Concerning WWI, Quasi, have you watched the film 'My boy Jack'? An excellent film which tells the story of Rudyard Kipling and his grief for his son, John, who died in the First World War. John had initially wanted to join the Royal Navy, but having had his application turned down after a failed medical examination due to poor eyesight, he opted to apply for military service as an Army officer. But again, his eyesight was an issue during the medical examination. In fact, he tried twice to enlist but was rejected. His father had been lifelong friends with Lord Roberts, former commander-in-chief of the British Army, and colonel of the Irish Guards, and at Rudyard's request, John was accepted into the Irish Guards. :(

My Boy Jack 2007 trailer: https://www.youtube.com/watch?v=HWShF8H2YlA

The title comes from Kipling's poem of the same name:

'My Boy Jack'

"HAVE you news of my boy Jack? "
Not this tide.
"When d'you think that he'll come back?"
Not with this wind blowing, and this tide.
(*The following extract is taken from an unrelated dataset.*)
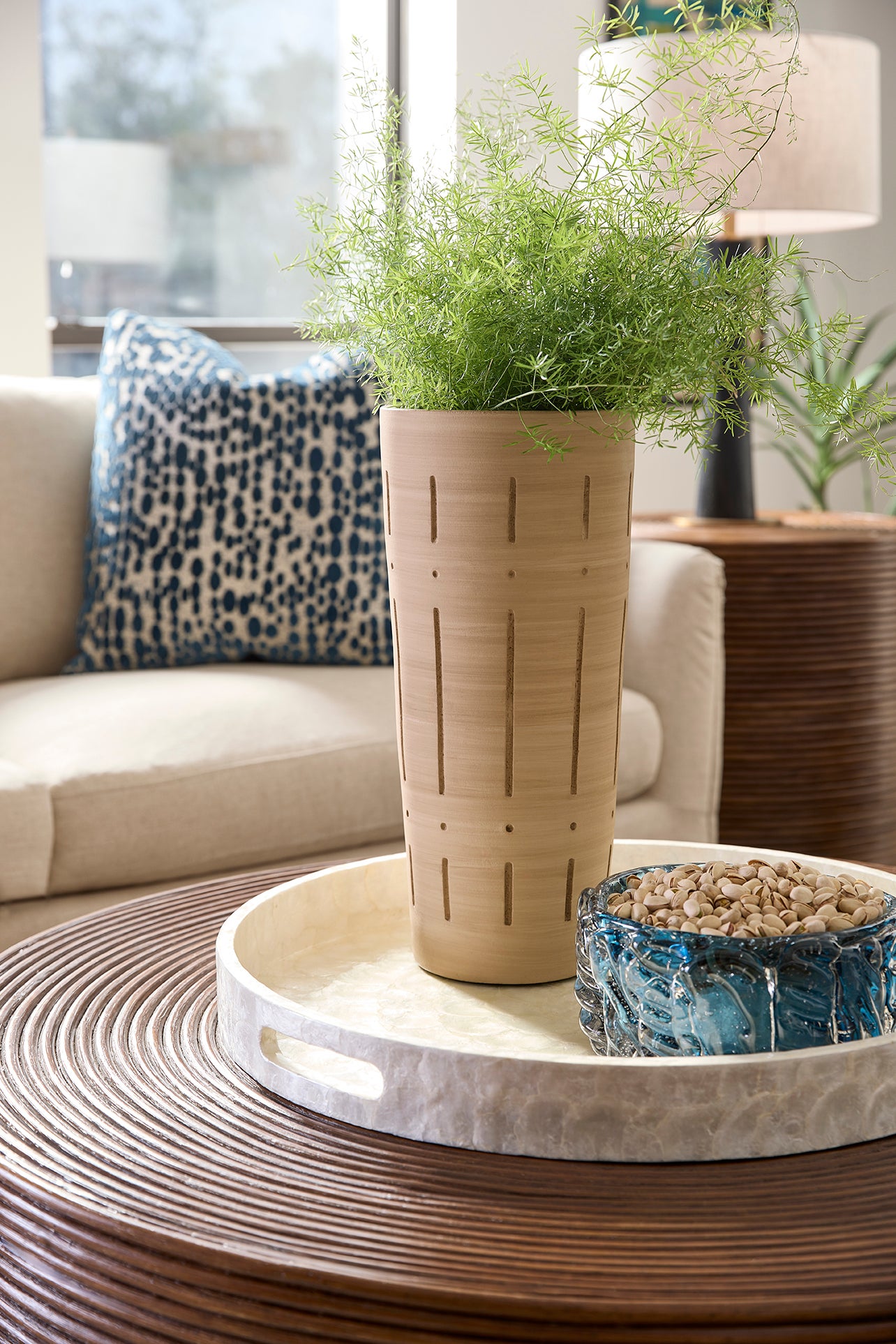 Slightly tapered cylinders feature hand-carved detailing in a warm terracotta finish in this hand-crafted collection of earthenware vases. Gentle striations subtly scrape the sides of the Madiera series as a finishing touch to pronounced dashes that are carefully etched by skilled artisans. Display the Madeira collection in an earthy color palette in any living area, dining or conversation room. Available in two sizes. Not water-tight.

"Has any one else had word of him?"
Not this tide.
For what is sunk will hardly swim,
Not with this wind blowing, and this tide.


"Oh, dear, what comfort can I find?"
None this tide,
Nor any tide,
Except he did not shame his kind---
Not even with that wind blowing, and that tide.

Then hold your head up all the more,
This tide,
And every tide;
Because he was the son you bore,
And gave to that wind blowing and that tide.